Rappelons que le conseil d’arrondissement de La Cité-Limoilou vient de désigner deux murs «légaux» qui faisaient déjà l’objet de vandalisme récurrent : la clôture bleue du parc Victoria près du skatepark et le mur de béton situé à l’extrémité du terrain de baseball au parc Dollard-des Ormeaux dans le quartier Saint-Malo.

Plan insuffisant

Phelipe Soldevila, qui s’est fait connaître en peignant quelques murales d’envergure à Québec, estime que la Ville doit envoyer un signal beaucoup plus fort et valoriser davantage cette forme d’art urbain si elle espère contrer le phénomène des graffitis illégaux dans les quartiers centraux.
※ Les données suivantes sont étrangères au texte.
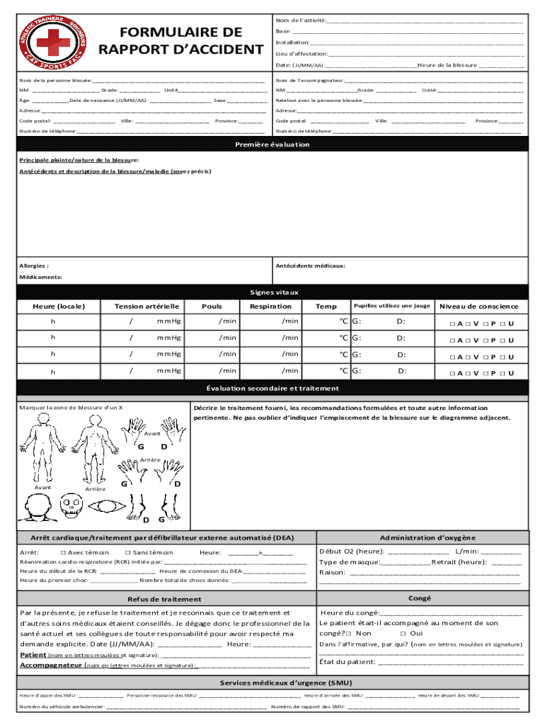 Le formulaire de rapport d'accident doit être rempli en indiquant les détails de l'accident, les blessures subies, les témoins présents et toute autre information pertinente.

Le Plan de gestion des graffitis 2017-2020 de la Ville de Québec, qui contient une cinquantaine de mesures (dont les murs légaux) ne va pas assez loin à son avis.

«C’est un plan qui est digne d’une petite ville. C’est très embryonnaire. C’est un quart de solution. Selon moi, à Québec, on va entretenir le vandalisme au lieu de créer une tradition de muralistes. Si on met l’accent sur la murale, c’est sûr que les jeunes vont vouloir se défoncer en faisant de la murale parce que c’est plus stimulant que de faire des tags.»

L’artiste cite en exemple la Ville de Gatineau avec ses quelque cinquante murs dédiés aux graffeurs.

Réglementation «niaiseuse»

M. Soldevila invite surtout Québec à assouplir la réglementation pour permettre la réalisation de murales sur les propriétés privées.

«Ça changerait tellement la game. Le côté historique de Québec rend les gens frileux. Les élus ont peur. Tu ne peux pas faire faire une murale sur ta maison s’il y a une fenêtre. Déjà, ça, c’est niaiseux...», illustre-t-il.

Dans son Plan de gestion des graffitis, la Ville a déjà prévu «entreprendre une réflexion pour encadrer la réalisation de murales extérieures».